È un vero e proprio ruscello di pensieri questo florilegio di poesie raccolte nel volume di Edda Ghilardi Vincenti. Parole che ristorano, danno calore, illuminano, versi che echeggiano come onde di mare nel loro spumeggiare chiaro e luminoso in una giornata di sole. Bisogna essere poeti dentro per scrivere cose così intense, bisogna avere dentro la bellezza del cielo, delle stelle, dell’universo intero, perché la poesia è amore allo stato puro. Durante la lettura si rimane incantati da quella lieve pioggia che scende sui pensieri, da quel giorno d’agosto a Parigi, dal quel battito del cuore che accelera di fronte alla persona amata. I musicali versi di Edda Ghilardi Vincenti sanno di fede, di elevati sentimenti, di serenità spirituale, di sogni e di realtà, in cui è racchiuso tutto l’amore per ogni cosa e creatura esistente, per ogni essere inteso come prossimo. Una fantasia vivificante fatta di riflessioni lineari, di grande forza vitale e di rottura contro ogni forma di violenza e di odio, accresce il valore di questa  sublime opera.
L’autrice, come per magia, raccoglie in queste sue liriche momenti e palpiti di vita consacrandoli in versi armoniosi, musicali, che suonano come espressione elevata pervasa di dolcezza infinita. Ed è un incanto del cuore. Sia nelle descrizioni ambientali, sia nella ricostruzione di figure e atmosfere ella traduce con grande sensibilità e delicatezza in versi spirituali i motivi della sua meditata esistenza. La sua profonda poesia è illuminante, è chiara e fresca come acqua di ruscello che sgorga dalle rocce della mente e dagli anfratti del cuore.
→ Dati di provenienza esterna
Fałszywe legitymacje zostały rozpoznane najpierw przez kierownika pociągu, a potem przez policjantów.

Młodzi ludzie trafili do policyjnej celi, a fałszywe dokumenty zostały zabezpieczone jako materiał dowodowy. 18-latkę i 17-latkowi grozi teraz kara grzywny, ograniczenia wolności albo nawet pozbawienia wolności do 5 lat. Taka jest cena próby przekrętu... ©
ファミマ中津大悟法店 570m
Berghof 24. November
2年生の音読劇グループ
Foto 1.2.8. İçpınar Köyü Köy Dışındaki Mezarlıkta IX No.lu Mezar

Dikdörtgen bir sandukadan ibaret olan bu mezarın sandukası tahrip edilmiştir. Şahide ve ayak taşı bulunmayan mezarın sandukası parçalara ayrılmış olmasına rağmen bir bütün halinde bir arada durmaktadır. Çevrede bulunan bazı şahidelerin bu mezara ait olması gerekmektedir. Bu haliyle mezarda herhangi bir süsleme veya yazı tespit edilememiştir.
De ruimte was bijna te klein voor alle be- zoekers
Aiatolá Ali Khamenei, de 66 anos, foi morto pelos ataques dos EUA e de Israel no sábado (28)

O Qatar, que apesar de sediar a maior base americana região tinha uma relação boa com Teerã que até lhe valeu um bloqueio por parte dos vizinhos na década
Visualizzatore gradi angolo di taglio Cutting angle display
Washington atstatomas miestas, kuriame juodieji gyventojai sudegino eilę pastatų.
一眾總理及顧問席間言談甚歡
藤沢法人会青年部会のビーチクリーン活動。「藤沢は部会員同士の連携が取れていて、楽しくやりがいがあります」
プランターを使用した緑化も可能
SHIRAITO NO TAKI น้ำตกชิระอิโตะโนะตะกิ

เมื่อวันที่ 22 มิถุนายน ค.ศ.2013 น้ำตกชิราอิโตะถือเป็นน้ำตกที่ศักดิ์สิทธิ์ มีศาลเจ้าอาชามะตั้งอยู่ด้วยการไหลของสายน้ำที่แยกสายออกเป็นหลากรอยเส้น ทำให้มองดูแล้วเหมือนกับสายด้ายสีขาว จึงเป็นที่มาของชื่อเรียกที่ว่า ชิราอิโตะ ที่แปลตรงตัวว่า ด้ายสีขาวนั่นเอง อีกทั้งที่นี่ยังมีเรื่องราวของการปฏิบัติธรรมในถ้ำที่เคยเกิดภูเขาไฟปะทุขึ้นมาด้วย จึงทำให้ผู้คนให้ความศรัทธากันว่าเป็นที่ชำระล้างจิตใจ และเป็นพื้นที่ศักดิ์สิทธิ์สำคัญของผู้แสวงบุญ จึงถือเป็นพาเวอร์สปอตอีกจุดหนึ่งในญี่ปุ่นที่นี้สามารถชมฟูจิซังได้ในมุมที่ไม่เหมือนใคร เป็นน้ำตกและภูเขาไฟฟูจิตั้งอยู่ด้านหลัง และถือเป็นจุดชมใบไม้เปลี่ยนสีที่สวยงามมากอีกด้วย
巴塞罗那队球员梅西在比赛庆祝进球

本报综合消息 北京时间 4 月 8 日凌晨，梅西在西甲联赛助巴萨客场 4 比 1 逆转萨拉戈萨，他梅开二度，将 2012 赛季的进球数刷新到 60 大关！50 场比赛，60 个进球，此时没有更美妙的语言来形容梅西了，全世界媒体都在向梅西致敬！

Attrae e coinvolge, purifica e dona un messaggio di speranza per tutti coloro che non sanno più guardare la bellezza del cielo, la vastità del mare, per tutti coloro che non sanno più ascoltare i suoni meravigliosi della natura come il vento tra le foglie, il canto leggero e argentino di un ruscello, il rumore delle onde spumeggianti. Tutti suoni diversi ma ugualmente belli, da ascoltare per ritrovare il sacro, il divino presente nella nostra vita, perché, come scrive l’autrice stessa, l’uomo è parte della stupenda, misteriosa armonia dell’universo. “E’ voce tra le voci, presenza tra innumerevoli presenze, ma con un dono in più, l’anima…”  Per questa scrittura così bella, limpida e chiara, portatrice di un grande messaggio d’amore e di pace Edda Ghilardi Vincenti è sicuramente da considerarsi una delle migliori poetesse della letteratura contemporanea. Nicla Morletti

Anteprima del libro

A Gabriele D’Annunzio

“Fresche le mie parole ne la sera
ti sien come il fruscio che fan le foglie…”
(Gabriele D’Annunzio, da Alcyone, “Sera Fiesolana “, vv. 1-2)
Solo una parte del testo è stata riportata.